[aprssig] Cool new sensor
Steve Dimse
steve at dimse.com
Wed Mar 25 01:07:22 EDT 2015
On Mar 25, 2015, at 12:25 AM, Scott Miller <scott at opentrac.org> wrote:
> My money would be on the magnetometer for linearity and long-term stability, since you're just counting zero crossings over time. You don't need to worry about offset, non-linearity, or drift. Or the mounting position of the sensor.
>
I'm thinking off the top of my head, but if an accelerometer were mounted in an anemometer perfectly square and at rest, the vertical axis has 1 g, the other two 0 g. As it spins up the 1 g axis does not change, one horizontal axis has the centrifugal force and the other varies depending on whether the anemometer is speeding up or slowing down. Since the centrifugal axis directly indicates the speed it seems to me an easier option. It does require a zero calibration in a real, imperfect mounting, but as long as the mounting were close enough that the zero angle approximation applies it is simple subtraction of the value at rest. Each measured centrifugal acceleration is directly convertible to a speed, so you get windspeed readings at the rate of the sensor, faster than the zero crossing magnetic method where the windspeed rate will be available once per rotation (or would it twice?), and the sensor rate, rather than being the data rate becomes the resolution limit.

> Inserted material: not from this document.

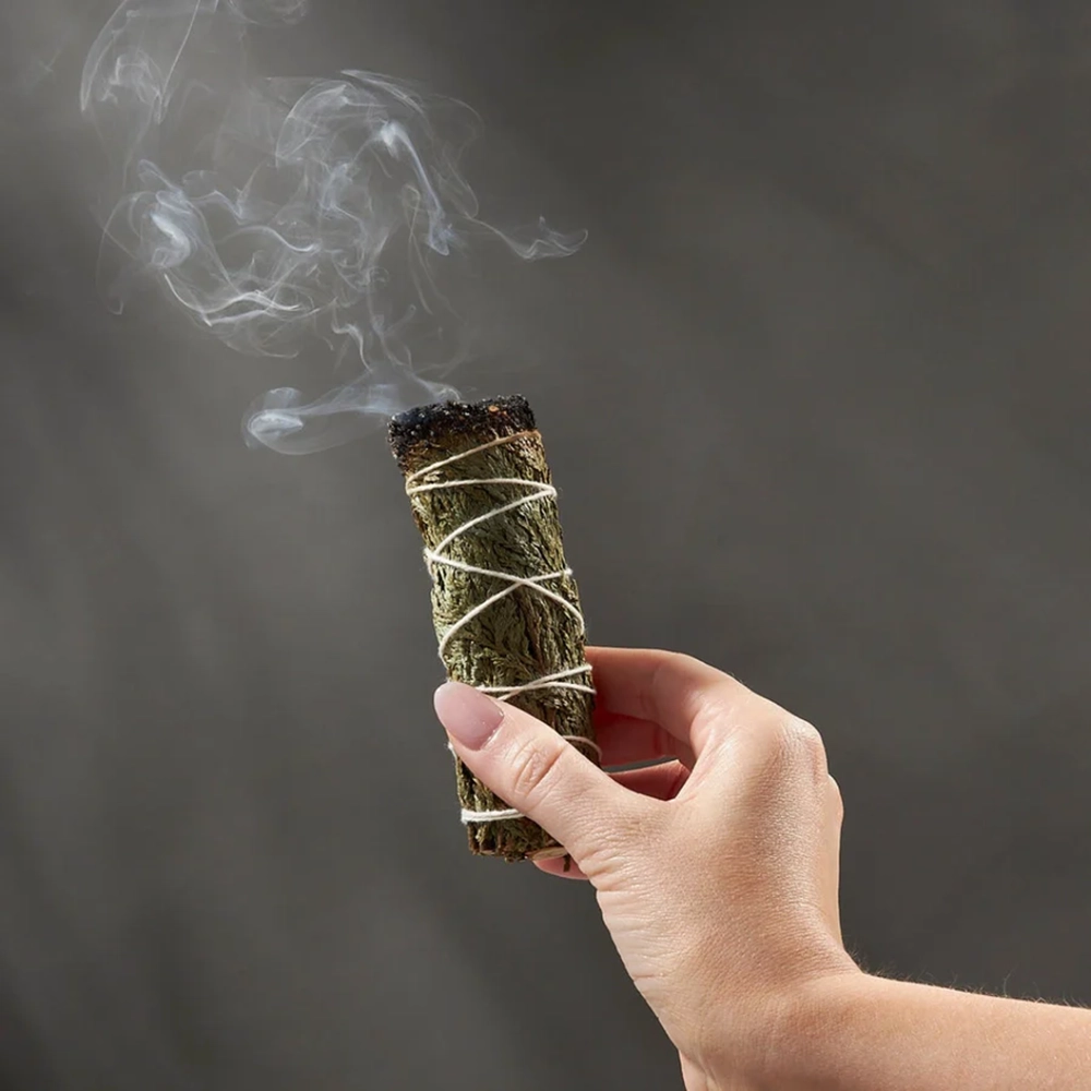 - 點燃雪松杖一端,輕吹讓火熄滅,留下煙霧

Imagine the anemometer rotating at a rate one-fourth the sensor rate. Using the accelerometer you get a wind reading four times per revolution, and the error on each is the sensor error plus any uncorrected level error. If you use zero crossing magnetometer you get one or two readings per revolution, and the error is the sensor error +/- 12.5%. Faster sensor rates will lower the 25% error, but you are still stuck at one or two readings per revolution, whereas increasing the accelerometer sensor rate gives you more frequent data, with more opportunity to average out noise.
Not to mention magnetic north drifts but 1g has been 1g for a very long, long time!
Wanna have an anemometer throwdown? ;-)
> And yeah, the fact that handheld anemometers are dirt cheap now is why I didn't bother with the phone thing.
>
Damn progress ruins another cool idea!